HaozheZhao / UltraEdit

150 stars 8 forks source link

Can we use image input with different resolutions? #11

Closed tageao460 closed 1 month ago

tageao460 commented 1 month ago

First of all, this project works very well with 512x512 images, great work!

However, when I tried to load a image with 1024x1024 resolution, the result is terrible.

As the paper mentioned, the model is trained with 256 × 256 and 512 × 512 for generation. This configuration is reasonable for sd 1.5, but is it a bit smaller for sdxl and sd3?

The input image is as follows, and the prompt is "Please add some apples on the table": 3a5075ee-b53d-4846-96fb-43f98ace5485

The result with 512x512 resolution: image

The result with 1024x1024 resolution: image1024

HaozheZhao commented 1 month ago

Thank you for your feedback!

For fair comparison, our model was trained with 256 × 256 and 512 × 512 image resolutions for SD1.5 to stay consistent with other counterparts.

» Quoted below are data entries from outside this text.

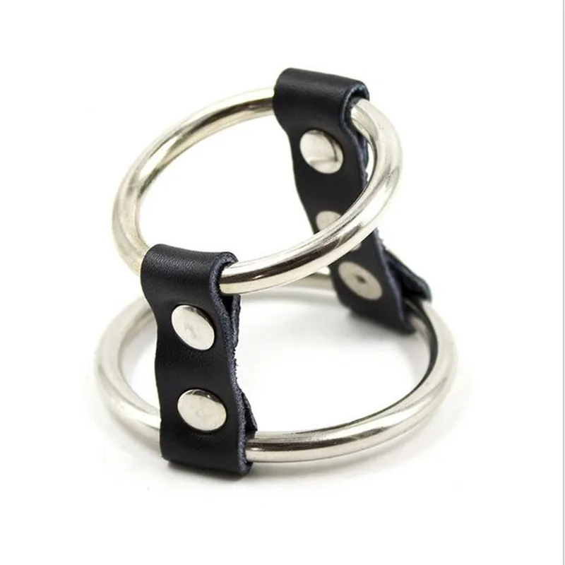 Новинка 2 размера металл + кожаное кольцо для члена кольцо для мужского пениса целомудрия устройство клетка петушок задержка времени сексуальный магазин секс игрушки для мужчин массажер
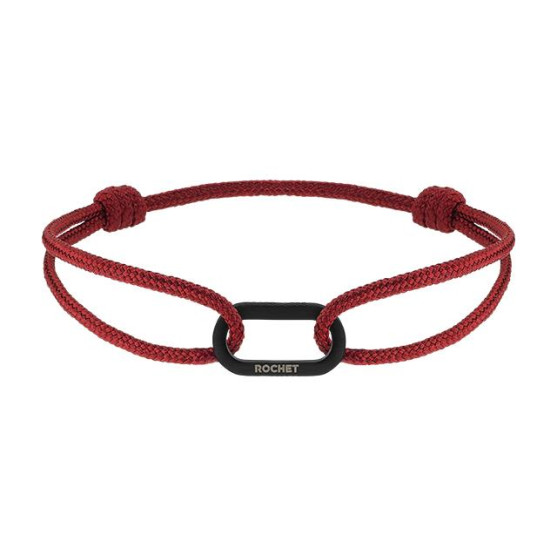 Ce bracelet Rochet au style contemporain associe avec caractère un cordon en coton rouge à un élément central en acier finition PVD noir. Son design épuré met en valeur un motif ovale légèrement allongé, traversé par le cordon pour un rendu moderne et graphique.
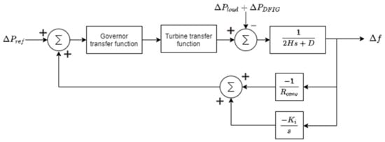 The synchronous generation model employed is depicted in Figure 6 and it represents the mechanical model of a synchronous generator [2]. Variables are named as follows: P r e f is the grid equivalent mechanical power reference variation; P l o a d is the demand active power variation; P D F I G is the DFIG-based renewable generation active power variation; H is the system time constant; D is the system damping constant; R c o n v is the droop constant; and K i is the secondary regulation constant. Secondary regulation is only enabled for the simulations and disabled for the theoretical study for a clearer analysis. Transfer functions of the governor and turbine model are based on a reheat steam turbine according to [2]. Variables are expressed in per unit and referred to conventional units’ base so that the dynamic model parameters are invariant with variations of the penetration level. System model parameters are gathered in Table 2.
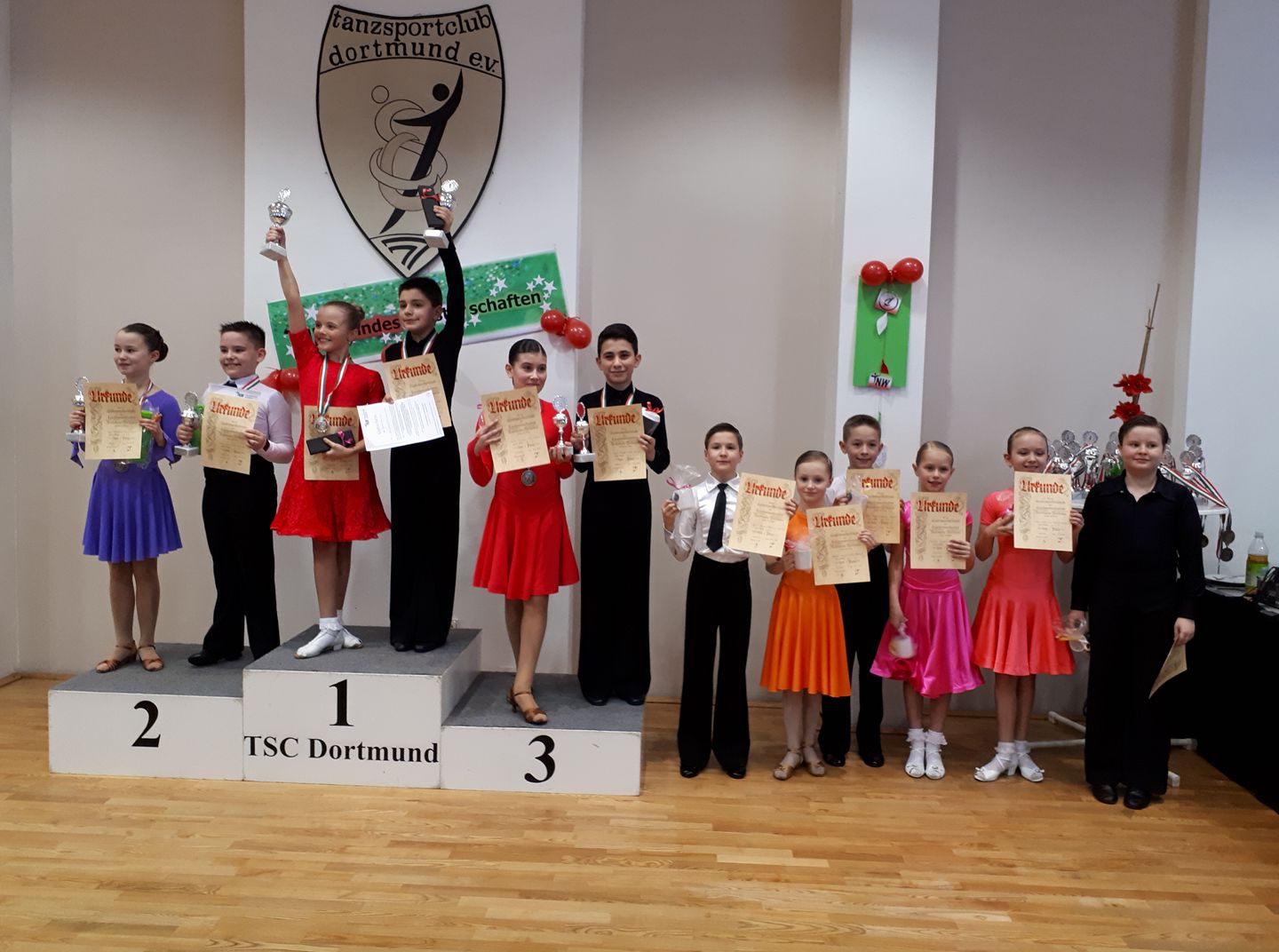 In diesem Jahr war der TSC Ausrichter der Landesmeisterschaften Kinder D und C Latein, sowie Junioren I und II D-B. Von 10 Uhr am Morgen bis nach 18 Uhr folgte eine Meisterschaft der nächsten – auch einige unserer Paare gingen erfolgreich an den Start. Allen voran Maxim Friesen und Alina Kusurmann. In der Kinder D Latein tanzten sich die Beiden mit dem 4. Platz von 7 Paaren erst so richtig warm. Richtig Gas gaben sie im späteren Turnier der Junioren I D Latein - dort holten sie sich von 13 Paaren den Vizelandesmeistertitel und zeigten über 3 Runden richtig gute Leistungen.
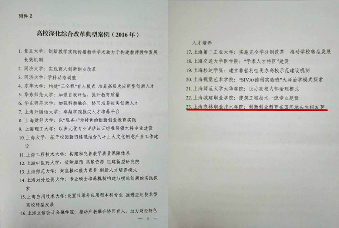 近日,市教委发布《上海市教育综合改革领导小组办公室关于公布上海市教育综合改革典型案例(2016年)的通知》(沪教综〔2017〕1号),上海市21所高校共23个案例被选入2016年市教育综合改革典型案例。作为入选的两所高职院校之一,我院报送的教育综合改革案例《创新创业教育在田间地头生根发芽》榜上有名。这是我院连续第二年入选上海市教育综合改革典型案例。
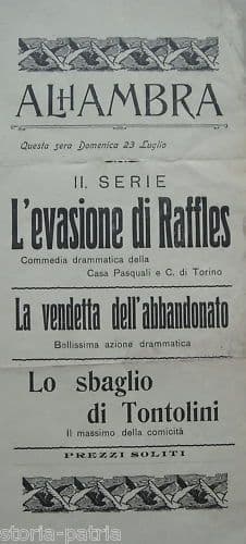 Alhambra *....* S.i.t., s.d. (primo '900) Cm. 35,5x16,5 (l'intero foglio, a margini bianchi diseguali) Interessante edizione originale antica e d'epoca, raro foglio volante, pubblicitario di spettacoli da tenersi al teatro Alhambra, il 23 luglio, con rappresentazione di una commedia drammatica della Casa Pasquali (Torino) intitolata "*L'evasione di Raffles";* *La vendetta dell'abbandonato (bellissima azione drammatica)* *Lo sbaglio di Tontolini ("il massimo della comicità")* *Locandina d'epoca, impreziosita da un fregio illustrativo in alto e in basso raffigurante colombe in volo; non è stato possibile identificare il teatro Alhambra sede delle commedie, forse in Abruzzo o Piemonte?)* Di interesse teatrale e collezionistico Discreta conservazione generale, segni e difetti d'uso e d'epoca, piegature e sgualciture, difetti marginali con strappetto ad un angolo, tracce di vecchio sporco; **meritevole anche di essere inserito sotto passpartout ed incorniciato.** *(l'immagine allegata raffigura un particolare dell'intero foglio, eventuali altre informazioni a richiesta)*
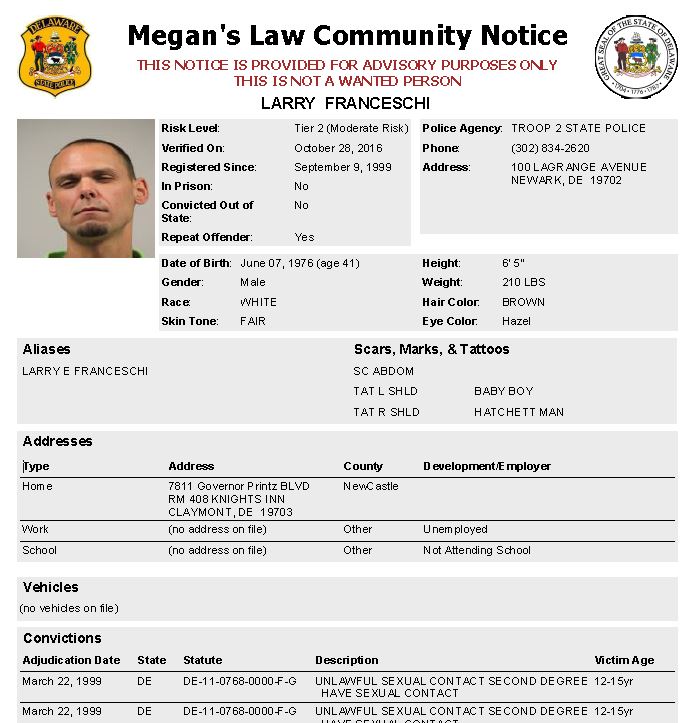 Dover, DE- The Delaware State Police Sex Offender Apprehension and Registration Unit (S.O.A.R) is currently looking for the following wanted sex offenders after they either failed to register or re-register their current address. If anyone knows the location of these subjects, they are asked to call 302-672-5306. Information may also be provided by calling Delaware Crime Stoppers at 1-800-TIP-3333, via the internet at www.delaware.crimestoppersweb.com.
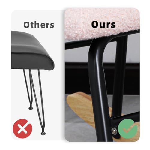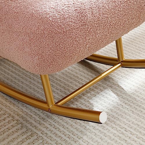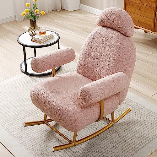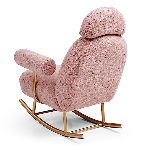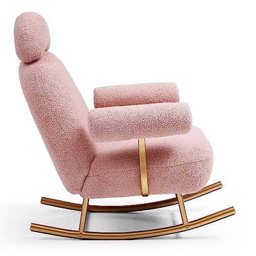 Nursery Rocking Chair Teddy Upholstered Glider Rocker Rocking Accent Chair Padded Seat with High Backrest Armchair Comfy Side Chair for Living Room Bedroom Offices (Pink)
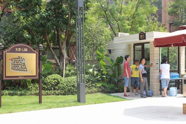 大家在小区大门口等候龙湖U城保安放行
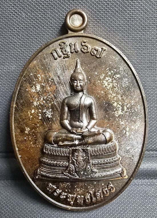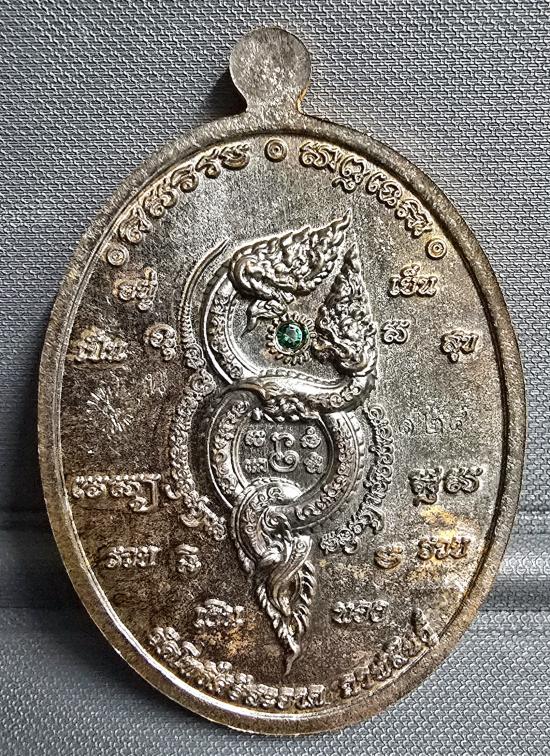 เนื้อนวะโลหะ พรายเงิน หลังฝังพลอยเขียว หมายเลข ๑๒๔...พร้อมกล่อง

We have reported these results in the paper to highlight the advantages of our dataset.

However, through our recent tests and experiments, we have discovered that SDXL and SD3 indeed require higher resolutions. Specifically, due to the architecture of the DIT, SD3 shows poor performance when it handles an input resolution different from what it was trained on. This indicates a lack of generalization ability for generating images at various resolutions. Therefore, a potential solution is to retrain the model with 1024 × 1024 images for SD3. The demo we shared includes SD3 trained with the UltraEdit dataset at 512 × 512 resolution.

In contrast, SDXL continues to perform well when generalizing to different resolutions. We train it with 512*512 resolution and it shows good results during the inference with the 1024 × 1024 images.